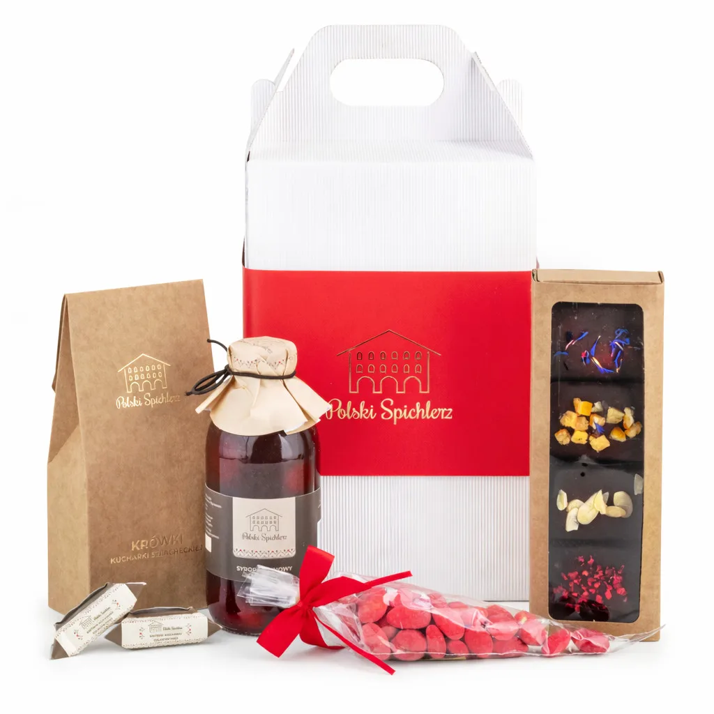 Całość w pudełku z tekstury falistej z banderolą z logo Polski Spichlerz z uchwytem.
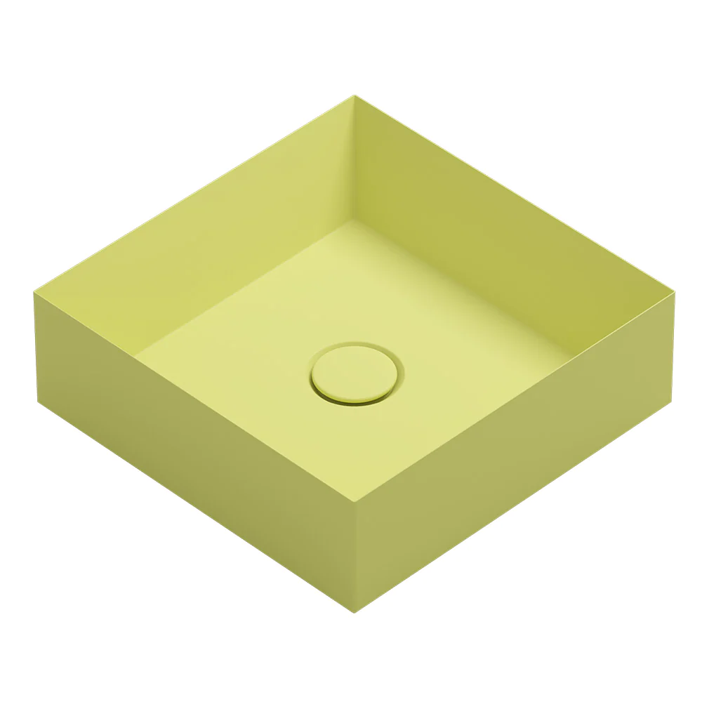 The Parisi Track Square Basin has geometric linear lines that give the basin are shape and cut out that makes it stand out aesthetically in the bathroom.
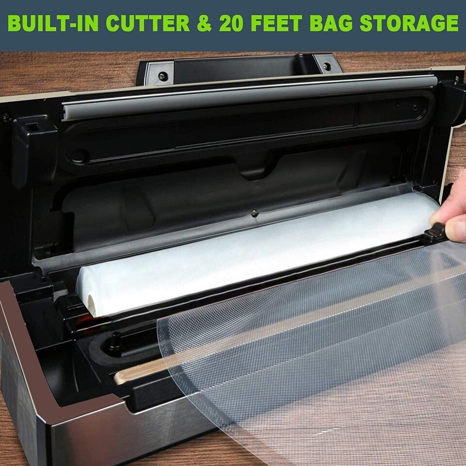 Precision Vacuum Machine,Pro Food Sealer with Built-in Cutter and Bag StorageUp to 20 Feet Length, Both Auto Manual Options,2 Modes,Includes 2 Bag Rolls 11?x16? and 8?x16?,Compact Design
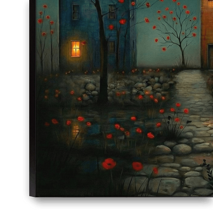 The cobblestones are cold and deep, Where crimson poppies wake from sleep. Beneath a sky of heavy teal, The silence acts as stone and seal.
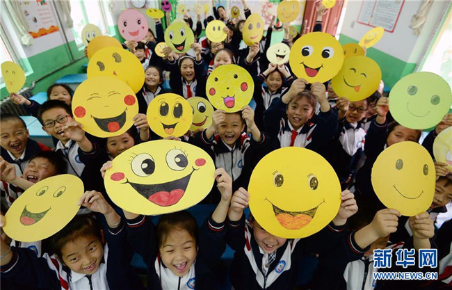 5月7日,河北省邯鄲市光明南小學(xué)的學(xué)生在展示笑臉卡。新華社發(fā)(郝群英 攝)
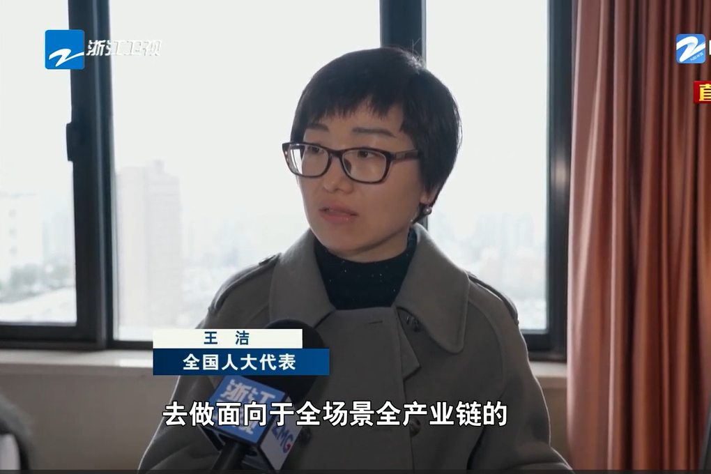 浙江衛(wèi)視《浙江新聞聯(lián)播》報(bào)道《直通全國(guó)兩會(huì) 出席十四屆全國(guó)人大三次會(huì)議的浙江代表團(tuán)抵京》,采訪(fǎng)王潔同志。 浙江衛(wèi)視《浙江新聞聯(lián)播》 圖
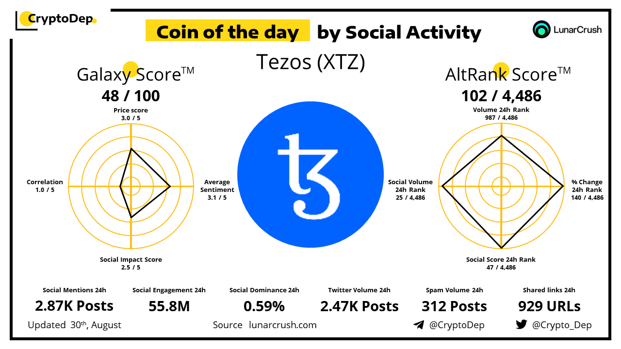ββCoin of the day by social activity - Tezos (XTZ).

• ACTION ITEM:
What you return must match each record exactly and contain no images.

• SOLVED PROBLEM:
 Całość w pudełku z tekstury falistej z banderolą z logo Polski Spichlerz z uchwytem.
 The Parisi Track Square Basin has geometric linear lines that give the basin are shape and cut out that makes it stand out aesthetically in the bathroom.
 Precision Vacuum Machine,Pro Food Sealer with Built-in Cutter and Bag StorageUp to 20 Feet Length, Both Auto Manual Options,2 Modes,Includes 2 Bag Rolls 11?x16? and 8?x16?,Compact Design
 The cobblestones are cold and deep, Where crimson poppies wake from sleep. Beneath a sky of heavy teal, The silence acts as stone and seal.
 5月7日,河北省邯鄲市光明南小學(xué)的學(xué)生在展示笑臉卡。新華社發(fā)(郝群英 攝)
 浙江衛(wèi)視《浙江新聞聯(lián)播》報(bào)道《直通全國(guó)兩會(huì) 出席十四屆全國(guó)人大三次會(huì)議的浙江代表團(tuán)抵京》,采訪(fǎng)王潔同志。 浙江衛(wèi)視《浙江新聞聯(lián)播》 圖
ββCoin of the day by social activity - Tezos (XTZ).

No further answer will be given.